WORKING DATA -
****************

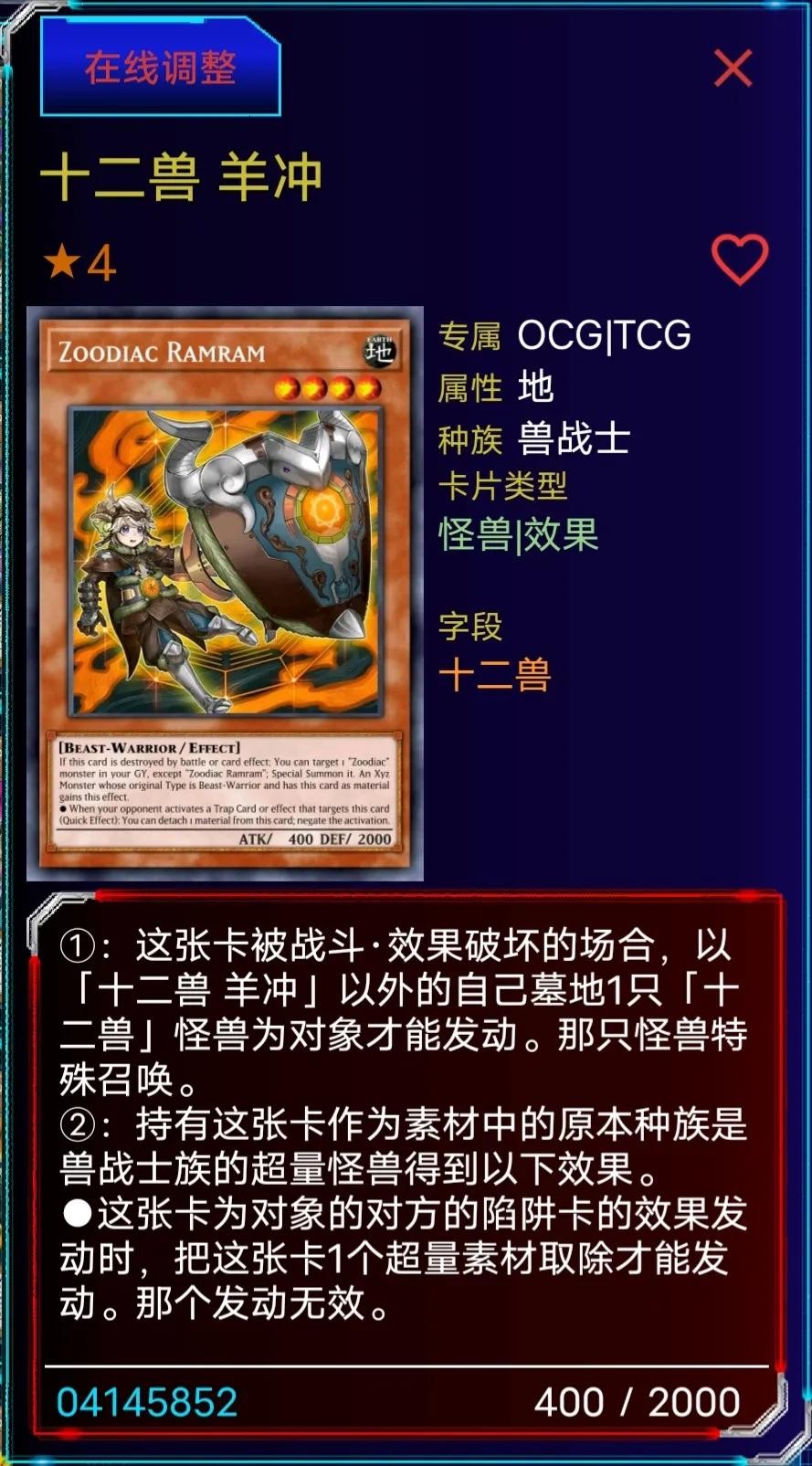 羊冲,R卡,经典忘记印一回合一次的假卡,只要被破坏就有效果,搭配狗环的复活与龙枪的破坏,可以达到超展开的效果,只要墓地有十二兽的怪兽,就可以一卡展开,不过在铁兽的卡组中,调度他很容易,只需要带一张即可。
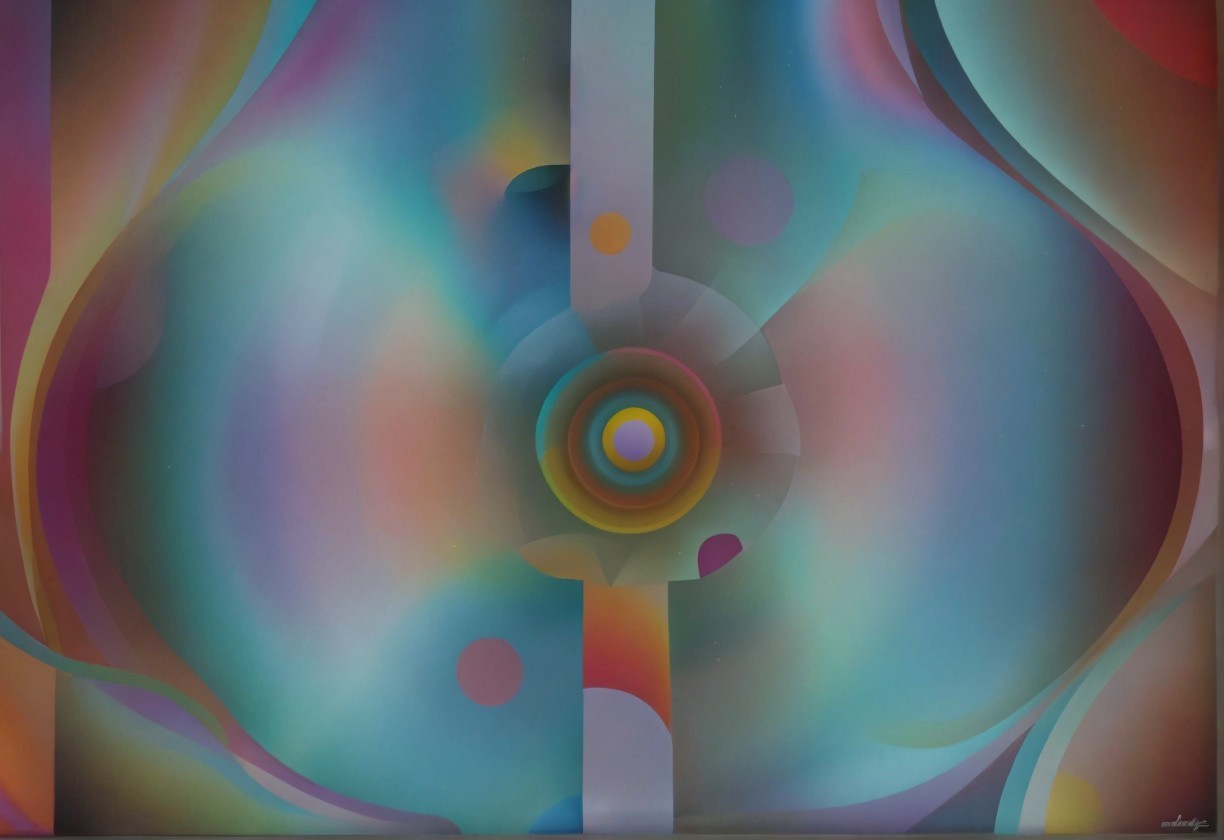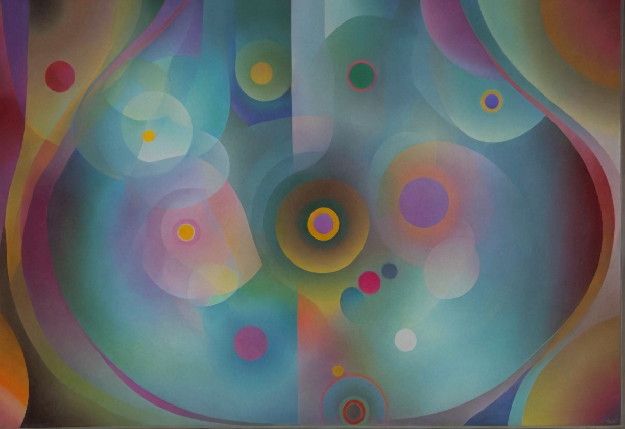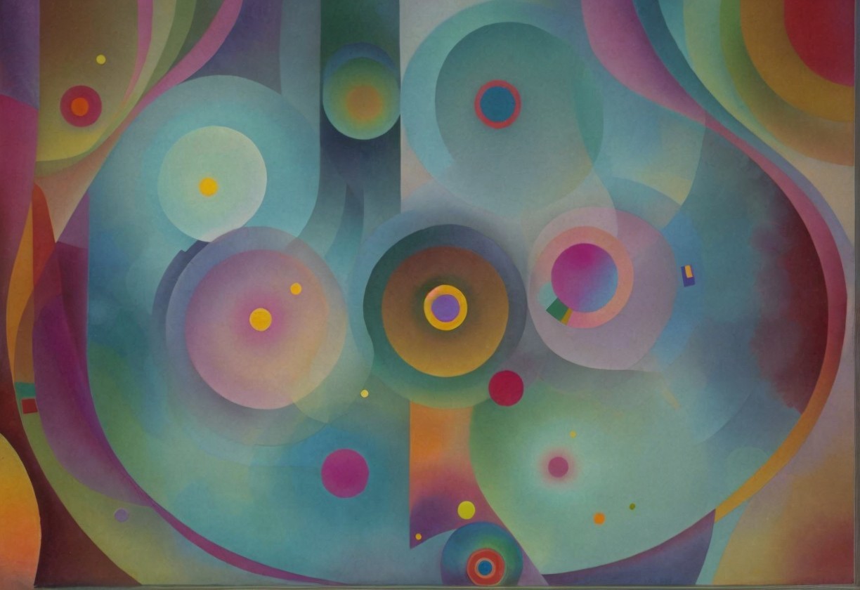 Abstract watercolor painting featuring vibrant swirls and dotted with multiple colorful circles against a warm-toned backdrop.
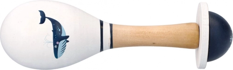 Een schattige houten maracas met walvismotief is het ideale eerste muziekinstrument voor de allerkleinsten. Het ondersteunt de ontwikkeling van ritme, auditieve stimulatie en fijne motoriek. Veilige verven en een comfortabele houten handgreep zorgen voor prettig en veilig spelen voor kinderen vanaf 5 maanden.
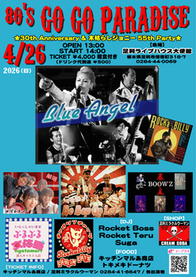 2026年4月26日(日) 80's GO GO PARADISE ★30th Anniversary & 木枯らしジョニー 55th Party★ 【出演】 BLUE ANGEL 木枯らしジョニー&ジョージ マルあ♪Be Bop Go Let's 雑猫 暴主〜BOOW'Z〜 女体盛り キャオリンキャッツ 【DJ】 Rocket Boss Rocket Teru Suga 【SHOP】 足利ミラクルウーマン 【FOOD】 キッチンマルあ商店 トキメキドーナツ OPEN 13:00 / START 14:00 TICKET ¥4,000 軽食付き (ドリンク代別途 ¥500) TICKET INFO キッチンマルあ商店 e+ 足利ミラクルウーマン TEL 0284-41-6647 各出演者 会場 足利ライブハウス大使館 〒326-0826 栃木県足利市借宿町318-7 TEL 0284-44-0069 |
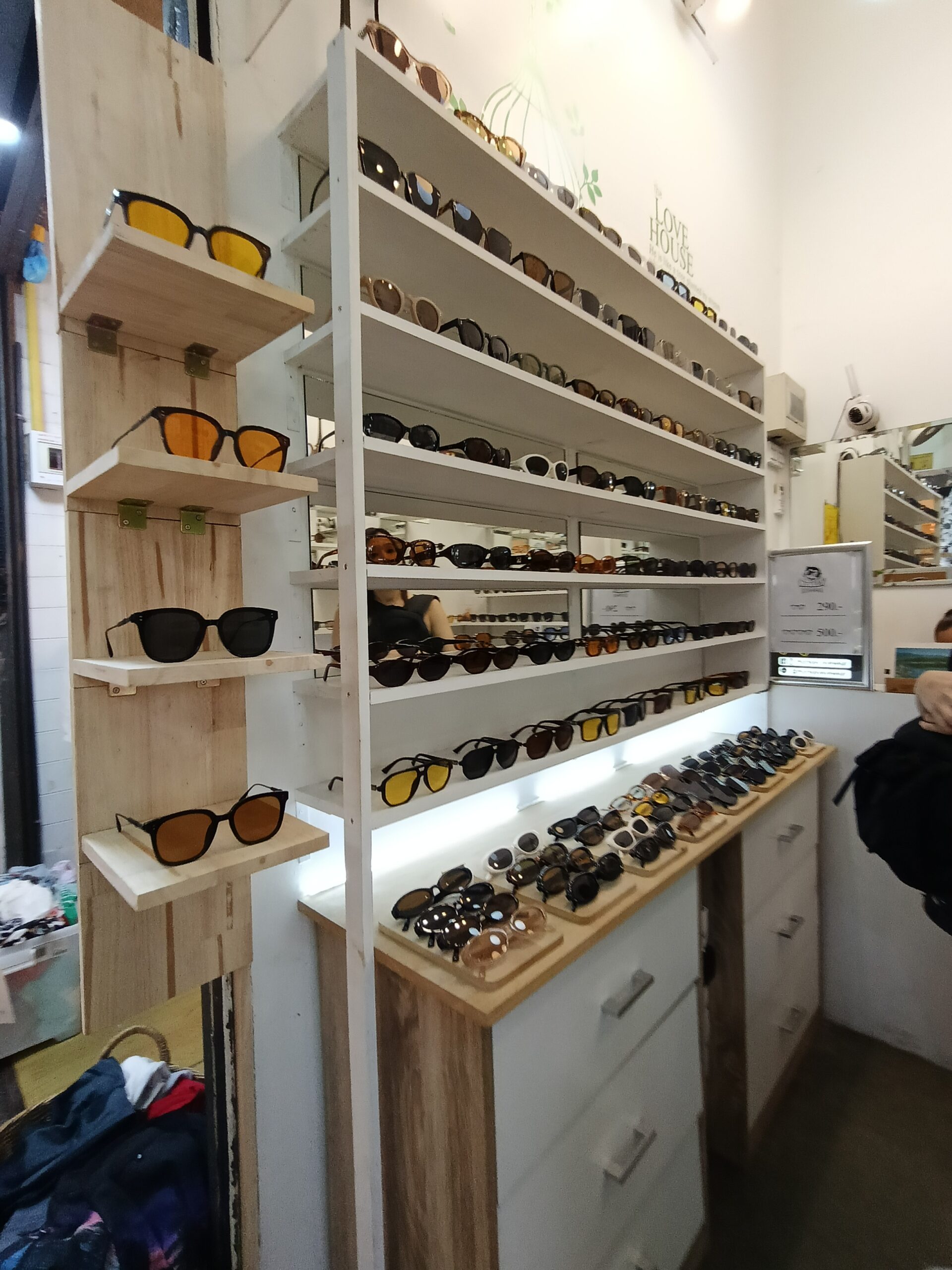 Cửa hàng này là một tiệm kính mắt chuyên bán gọng kính thuốc và kính râm thời trang.
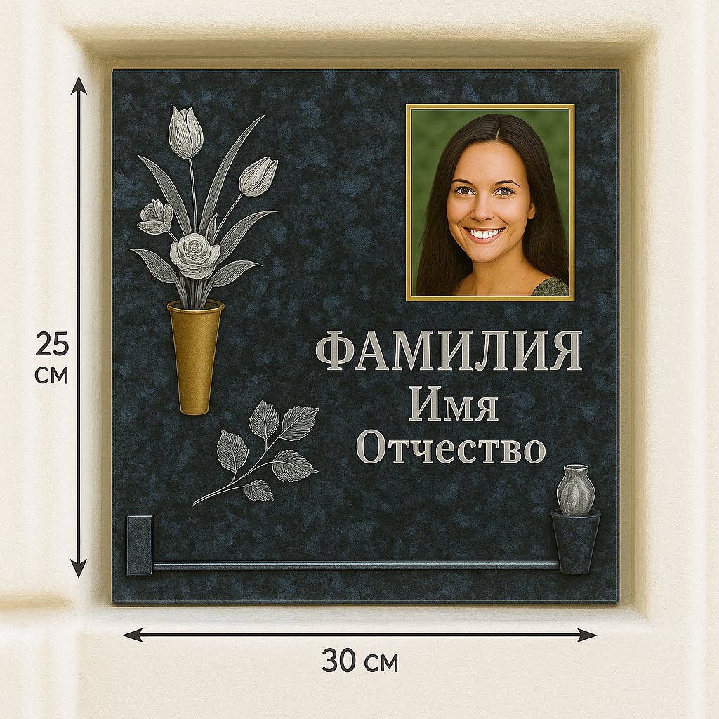 Эта модель предназначена для установки в колумбарную нишу и выполнена из натурального гранита Blue Pearl с выразительной сине-серой текстурой. Поверхность оформлена гравировкой: цветочным орнаментом, декоративной веткой и имитацией надписи с ФИО. Портрет может быть выполнен на керамике или фотостекле. Композиция дополнена аксессуарами (каджати) — изящной лампадой и вазой.
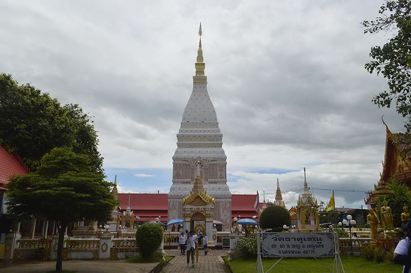 “วัดธาตุเรณู” ตั้งอยู่ ต.เรณู อ.เรณูนคร จ.นครพนม เดิมชื่อ”วัดกลาง” เพราะตั้งอยู่ระหว่างตำบลเรณูและตำบลโพนทอง สร้างขึ้นมาแต่ครั้งโบราณกาล แต่ค้นหาหลักฐานไม่พบว่าใครเป็นผู้สร้างใน พ.ศ.ใด แต่ตามคำบอกเล่าจากผู้เฒ่าปากต่อปากสืบมาว่า ราวปี พ.ศ. 2373 “พระแก้วโกมล” เจ้าเมืองผู้ปกครองเมืองเวคนแรก หลังสร้างบ้านแปลงเมืองเสร็จเรียบร้อยแล้ว ปรึกษากับอุปราชและกรรมการเมือง มีมติเป็นเอกฉันท์ตกลงสร้างวัดขึ้นไว้ตรงที่ใจกลางเมือง เพื่อให้เป็นวัดคู่บ้านคู่เมือง และสำหรับประกอบพิธีถือน้ำพิพัฒน์สัตยา ดังนั้นวัดนี้จึงเรียกชื่อตามสถานที่ตั้งวัดว่า “วัดกลาง” สืบๆ กันมา เพราะตั้งอยู่กลางเมือง

****************

Would you output the lines above from the line holding "2026年4月26日(日) 80's GO" up to and including the line holding "Эта модель предназначена", exactly and only those, with no pictures?

WRITTEN RESPONSE -
 2026年4月26日(日) 80's GO GO PARADISE ★30th Anniversary & 木枯らしジョニー 55th Party★ 【出演】 BLUE ANGEL 木枯らしジョニー&ジョージ マルあ♪Be Bop Go Let's 雑猫 暴主〜BOOW'Z〜 女体盛り キャオリンキャッツ 【DJ】 Rocket Boss Rocket Teru Suga 【SHOP】 足利ミラクルウーマン 【FOOD】 キッチンマルあ商店 トキメキドーナツ OPEN 13:00 / START 14:00 TICKET ¥4,000 軽食付き (ドリンク代別途 ¥500) TICKET INFO キッチンマルあ商店 e+ 足利ミラクルウーマン TEL 0284-41-6647 各出演者 会場 足利ライブハウス大使館 〒326-0826 栃木県足利市借宿町318-7 TEL 0284-44-0069 |
 Cửa hàng này là một tiệm kính mắt chuyên bán gọng kính thuốc và kính râm thời trang.
 Эта модель предназначена для установки в колумбарную нишу и выполнена из натурального гранита Blue Pearl с выразительной сине-серой текстурой. Поверхность оформлена гравировкой: цветочным орнаментом, декоративной веткой и имитацией надписи с ФИО. Портрет может быть выполнен на керамике или фотостекле. Композиция дополнена аксессуарами (каджати) — изящной лампадой и вазой.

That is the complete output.